This is the year I’ve declared I’ll send no more Christmas cards by mail. It’s too much, too hard. Too many people to send messages to. I love them all, miss them all, but they don’t all have to hear from me at the moment. I’m in no physical shape this year, and I refuse to pay to have cards automatically addressed and sent. What’s the point of that?
Certainly, I’m all for the message of hope in the darkest part of the year, the promise of light and warmth. But William Stafford’s little poem is so very personal, I’ll take it as my own. From me to you. It’s about the simple joy of being human, of lying on the couch and humming in your head. It’s about the stolen moments when no one is judging you for harboring that basic happiness even when the world is full of trouble.
Eventually you’ll get up and act busy. Not “be” busy, but “act” busy. In your head you may still be drifting contentedly, who knows?
You can save little moments like this, Stafford says.

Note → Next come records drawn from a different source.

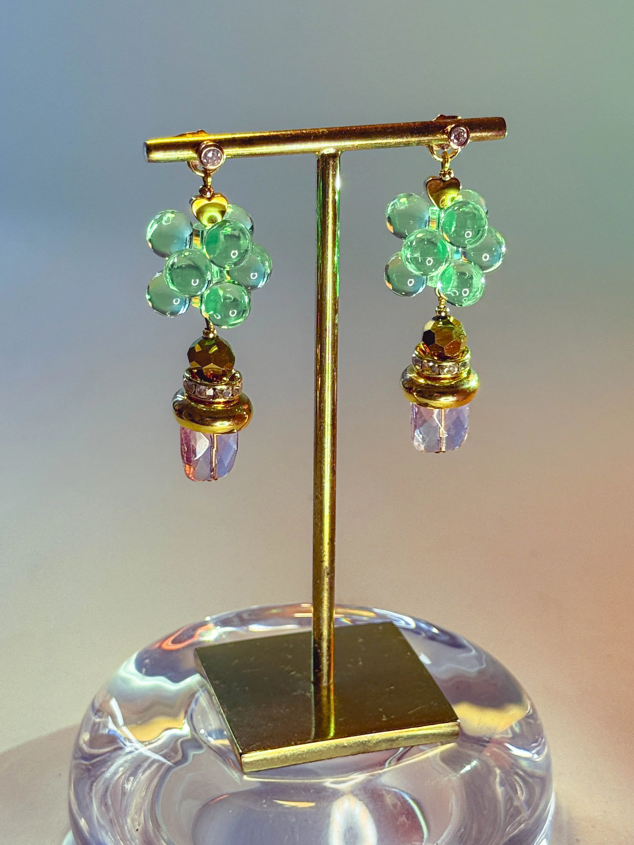 perle violet facetté nacré XL - coupelle dorée - coupelle dorée sertie de pierres blanches - fleur-raisin rose - cœur en hématite doré
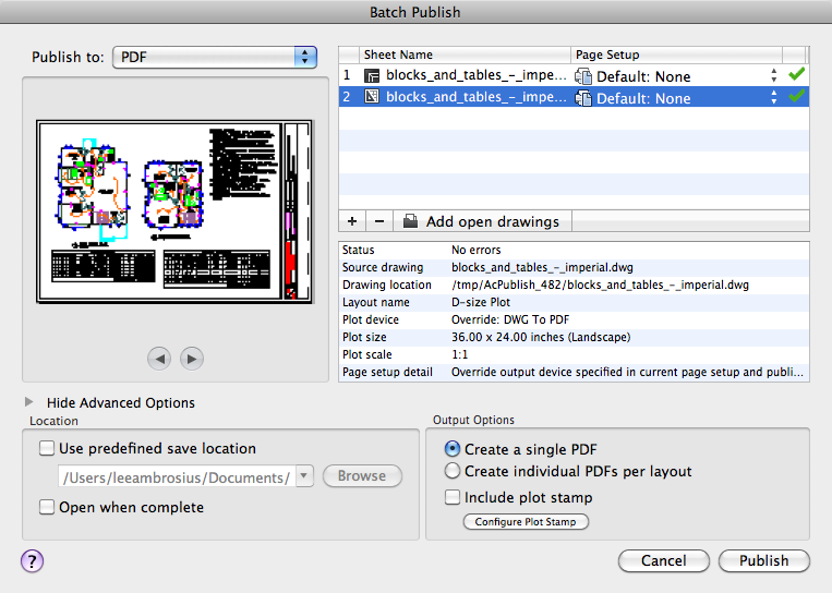 Specify the default location to save the PDF files to. When publishing to a single PDF file, you can specify the location of the file after clicking Publish as well.
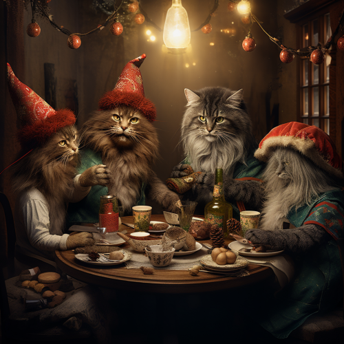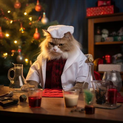 cat eating Sweet potatoes, christmas, realistic, captured by Canon EOS R camera, --aspect 6:9
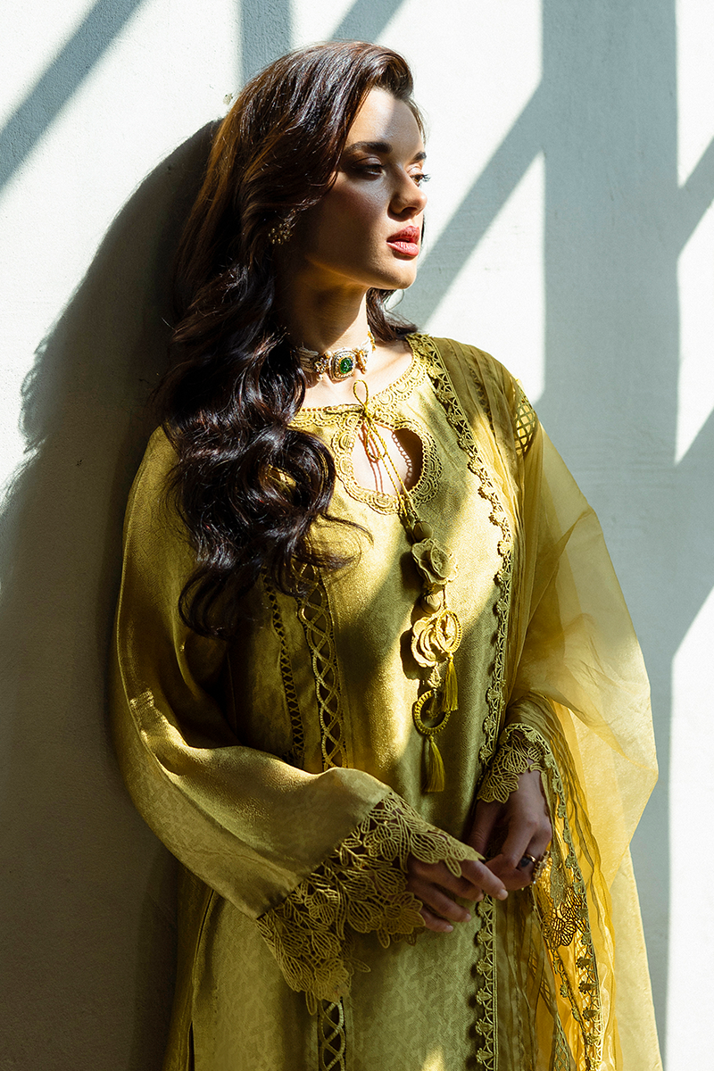Jules - a stunning ode to timeless elegance. Drenched in a sophisticated olive hue, this ensemble is designed for those who appreciate understated luxury. The jacquard fabric shirt boasts exquisite intricate detailing, adding depth and texture to your festive look. A BM organza dupatta cascades effortlessly, infusing the ensemble with ethereal charm. Raw silk trousers provide a structured yet graceful finish, ensuring a refined silhouette. Lined with a silk inner, offering unmatched comfort and a seamless drape.
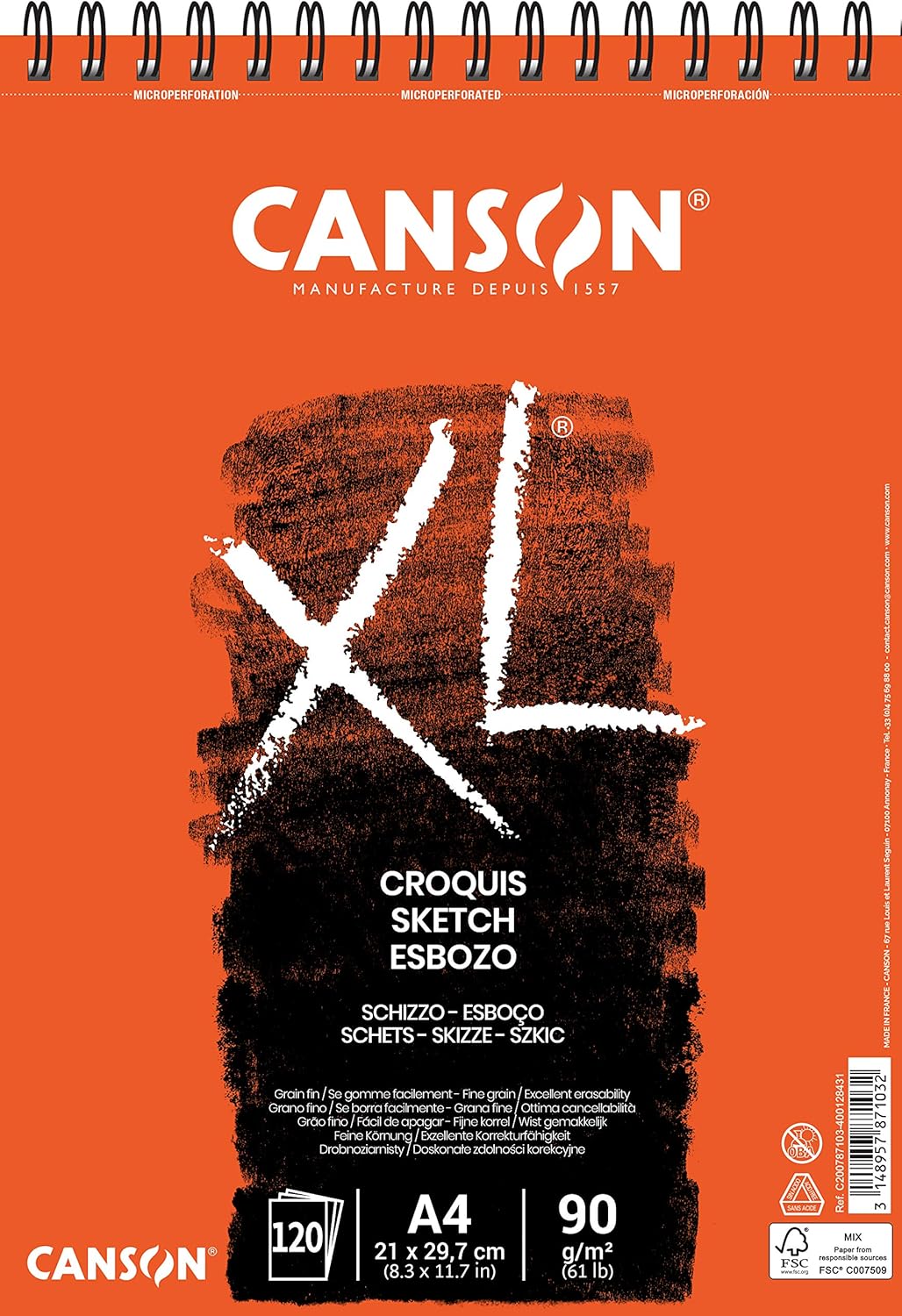 Canson Sketch XL is a lightweight 90gsm ivory white paper, designed for quick sketching, sketching or studying. It is a "bouffant" paper, i.e. it has a relatively high thickness for a low grammage. Its subtle grain matches perfectly with pencil, charcoal, blood or pastel.
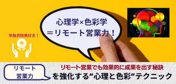 参加者特典付き! リモート営業でも効果的に成果を出す秘訣 「リモート営業力」を強化する”心理”と”色彩”テクニック セミナーを開催します。

This is the richest stanza. You pick up the small pieces of joy, “light and easy to hide.” This is the child-you, the you that appreciates the world just as it is, that carries a basic happiness tucked away from the serious world of adults who shake their heads and frown.
William Stafford got used to rising early every morning to write during the 1940s when he lived with other conscientious objectors in work camps in Arkansas and California. That’s the only time he had free. He says he wrote down whatever occurred to him, following his impulses. “It is like fishing,” he said. He needed to be receptive and “willing to fail. If I am to keep writing, I cannot bother to insist on high standards … I am following a process that leads so wildly and originally into new territory that no judgment can at the moment be made about values, significance, and so on…. I am headlong to discover.”
Stafford’s collection, “Traveling Through the Dark,” won the National Book Award in 1963. He was the U.S. Poet Laureate from 1970-1971.
As someone commented, “Stafford generally has been appreciated as a plain talking but remarkably effective and influential American poet, one who has paradoxically fashioned a part of the mainstream of American poetry by keeping apart from its trends and politics.” I recommend Stafford’s poems if you want a voice of “radical quiet” as it’s been called, but “also of great clarity like a whisper without the hoarseness.” Like the quiet of the winter solstice. Like “Silent night, holy night.”